Chronic Fatigue Syndrome, a day in the life.

This should give you some idea of what it’s like to ‘function’ with CFS, when I’m ‘at my best’. 

I went to York yesterday to look round the English department, and have a chat with a potential supervisor. That part of the trip went well,  and even though there was a 2hr 20min train trip there, I still didn’t garble my speech / forget how to talk /collapse in front of the building / pass out in front of said potential supervisor.

The problem started on the way back. I got out of the meeting at twenty past four. I had eaten lunch around one, a chocolate bar around three, and a cup of coffee around five.  My train left at 18:41, and was due in at Liverpool at 20:59. For normal people, that’d be fine, a little late, but fine. I told myself that if I felt faint, then there was a food trolley on the way there.   But there was a tree on the line in front of Manchester Picadilly. No problem, the announcer said, this will merely be a ten minute delay caused by our not being able to stop in the main Manchester stations. Thirty minutes later and we still had not left Huddersfield. No announcements from the driver, no food trolley, nothing.

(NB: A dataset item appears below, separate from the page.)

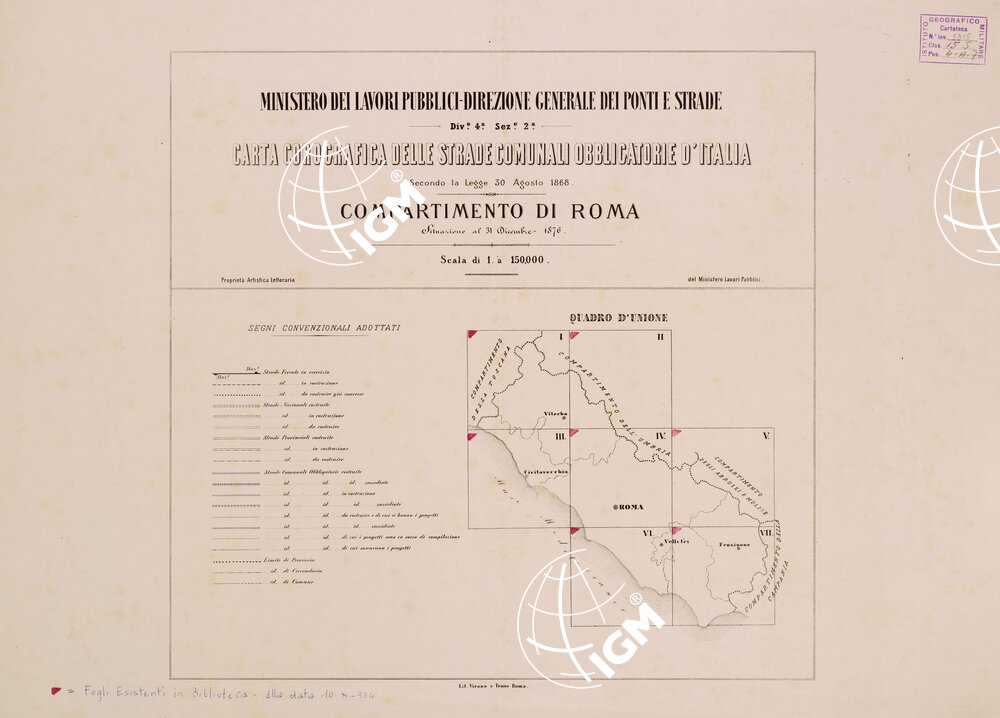 CARTA COROGRAFICA DELLE STRADE COMUNALI OBBLIGATORIE D’ITALIA – COMPARTIMENTO DI ROMA… – Quadro d’unione

With my CFS, talking is usually the first thing to go. I forget words, they scramble in the process of being transmitted from brain to mouth, other people’s speech becomes nonsense, that sort of thing. The second thing to go is ability to walk. I’d already had to walk from the train station to King’s Manor in York, and I wasn’t really having a fantastic day energy wise to begin with – having only had 8 hours sleep. But I managed. I was tired and in pain, but I managed. Now, however, not having eaten properly for hours and hours, I was having difficulty sitting up.

Twenty minutes later, the train was still on the outskirts of Manchester. It had stopped again. There were ten minutes before we were due into Liverpool Lime Street, and – still! – no word from the driver. To be fair to him, he was probably just as clueless as we were, but for the sake of reasons, he’s going to be a synecdoche for the train company / English weather.

One hour after the train was due, we finally crawled in to Liverpool Lime Street. As we had left Manchester, the driver – audibly confused and exhausted – read out the new arrival times listlessly, as if he didn’t quite believe them either.

So now I was at the station, one hour after I was due to get back to Liverpool, and not having eaten for nine hours. All the shops were shut. I could get a taxi home, but that would be £8, and I had a cripple card giving me free travel. Buses late at night, however, aren’t much fun. Especially in a student city. Especially when your brain has got to the point where it can’t remember which busses go from the city centre to your street. Especially when you still have to walk for 10 minutes (10 minutes!) from the station to the bus station, only to see it there, and stagger/jog/topple forward in horrible pain before finally, somehow, getting on the bus.

I made it home. The interview went well – I just have to see if AHRC will fund me.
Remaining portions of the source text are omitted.